You have a partly valid point. I did not compare all the advantages of the pill-taking present with Simufilam over the disadvantages of infusion and dangers of ARIA with Leqembi. That was not my goal. Sans that the prognosis for patients of those on Simufilam is not much better than those on Leqembi. The post is all about how the data on cognitive tests can be manipulated. It suffices to select patients with lower dementia baseline so that (voila!) you have efficacy.
Dear Piotr,
I wanted to let you know your links may not be working properly. When I tapped on the donate monthly link, it just took me to some articles and not a mechanism to donate.

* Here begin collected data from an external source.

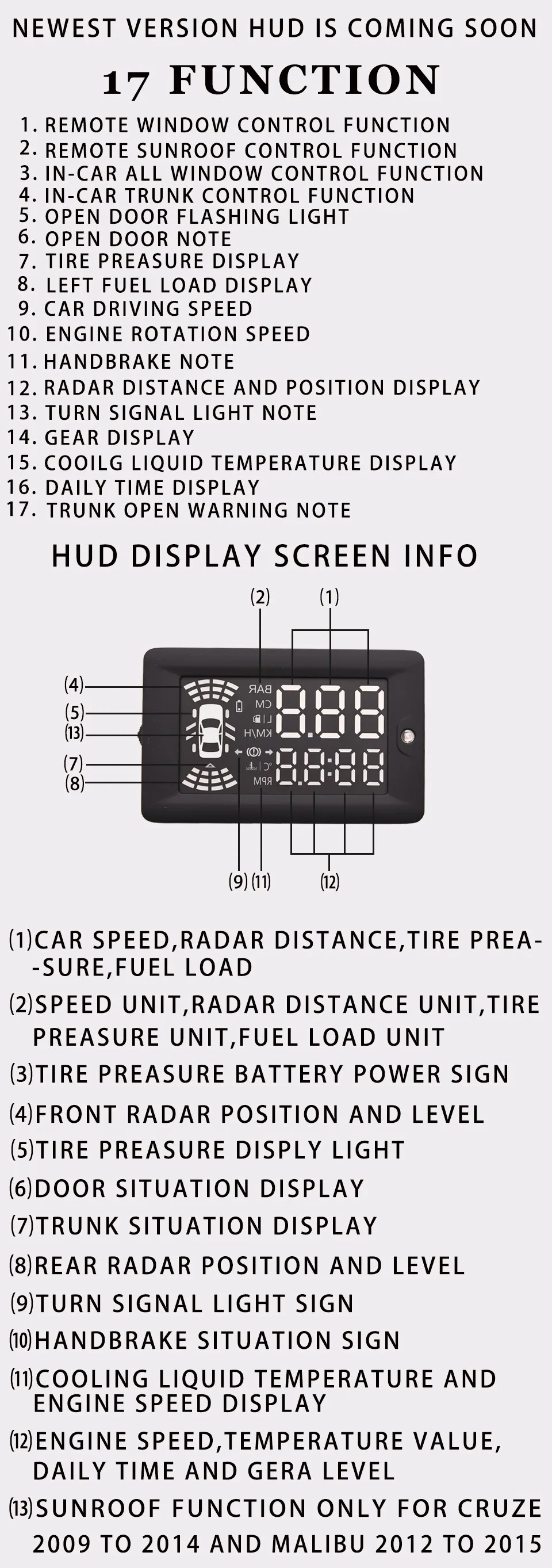 Function 11: HUD Can Control Trunk (This Function Is Only For Sedan Not For Hatchback)
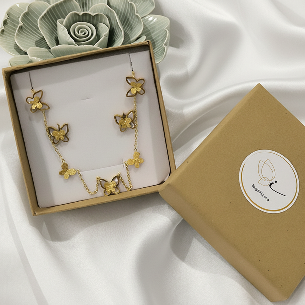 Glow Wings é um conjunto composto por colar e brincos em aço inoxidável, decorados com borboletas delicadas.
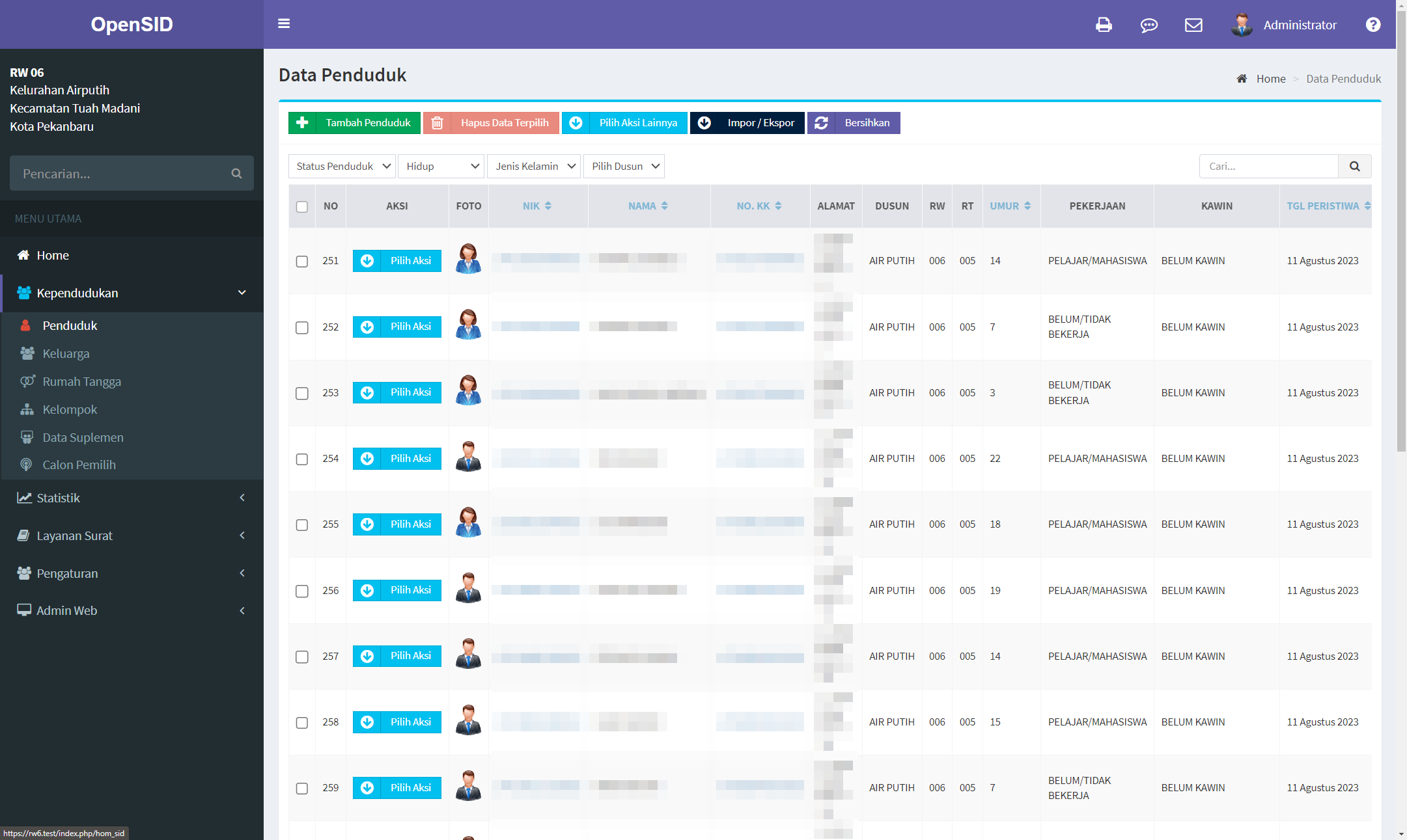 Sistem Informasi (SI) telah menjadi alat penting dalam mendukung pengelolaan dan pelayanan di tingkat komunitas. Dalam konteks RW 06, Kelurahan Air Putih, Pekanbaru, Riau, kebutuhan akan sistem yang efisien dan efektif semakin mendesak. Oleh karena itu, melalui program Kuliah Kerja Nyata (KKN) UMRI Smart, mengadopsi dan menyesuaikan OpenSID untuk memenuhi kebutuhan RW 06, khususnya RT 01 hingga RT 06. Tujuan utamanya adalah untuk memodernisasi administrasi dan meningkatkan layanan informasi bagi warga. Dengan menggabungkan teknologi dan pendekatan partisipatif, diberharap dapat menciptakan lingkungan yang lebih terinformasi dan terkoneksi. Penyesuaian yang dilakukan tidak hanya pada aspek teknis, tetapi juga pada konten dan cara penyajian informasi, sehingga relevan dengan konteks RW dan RT di Kelurahan Air Putih. Hasil kegiatan menunjukkan bahwa OpenSID berhasil meningkatkan efisiensi administrasi di RW 06 dengan mempermudah akses informasi dan pengelolaan data penduduk. Pelatihan yang dilaksanakan berhasil meningkatkan pemahaman dan keterampilan pengguna dalam operasional sistem. Survei yang dilakukan terhadap 6 RT menunjukkan respon positif dengan rata-rata 60% responden merasa mudah berinteraksi dengan antarmuka sistem, sementara hanya sekitar 16.67% yang tidak merasa demikian, dan 23.33% berada di posisi netral. Khususnya, materi pelatihan dinilai membantu oleh sebagian besar responden, dengan tingkat kepuasan yang tinggi terhadap kinerja dan fungsi sistem. Meskipun demikian, terdapat beberapa tantangan, seperti adaptasi pengguna terhadap teknologi baru yang terlihat dari persentase yang merasa 'Sedang' dalam beberapa aspek, dan kebutuhan pengembangan fitur tambahan untuk meningkatkan kenyamanan pengguna. Kegiatan ini memberikan wawasan tentang manfaat dan tantangan dalam implementasi OpenSID di tingkat RW, serta menyoroti pentingnya pelatihan dan dukungan berkelanjutan untuk keberhasilan transformasi digital di komunitas lokal

I very much appreciate your hard work and analysis.
Currently, I only have about 7000 shares but when I look at the status of the company and the drug, I am considering making a much larger investment. I get nervous when I think approval is a given when I compare anavex so let’s say leqembi. My track record and choosing biotech stocks has been pretty bad.
Curt
I think you have to used the donate block at the end of the page as I left some button dangling, somehow I can’t delete them. Also for donation don’t use About Me Page. thank you for your intent to donate. I appreciate it a lot.
To respond to the second part of you comment I think this will be a doozy. Of course all hinges on approval. Datawise is all settled, but the real tought thing is the politics around FDA as the agency has been captured by big pharma. I thik the only way around this is a partnership with a Big Pharma comapny to finally push it through. This is highly unpredictable.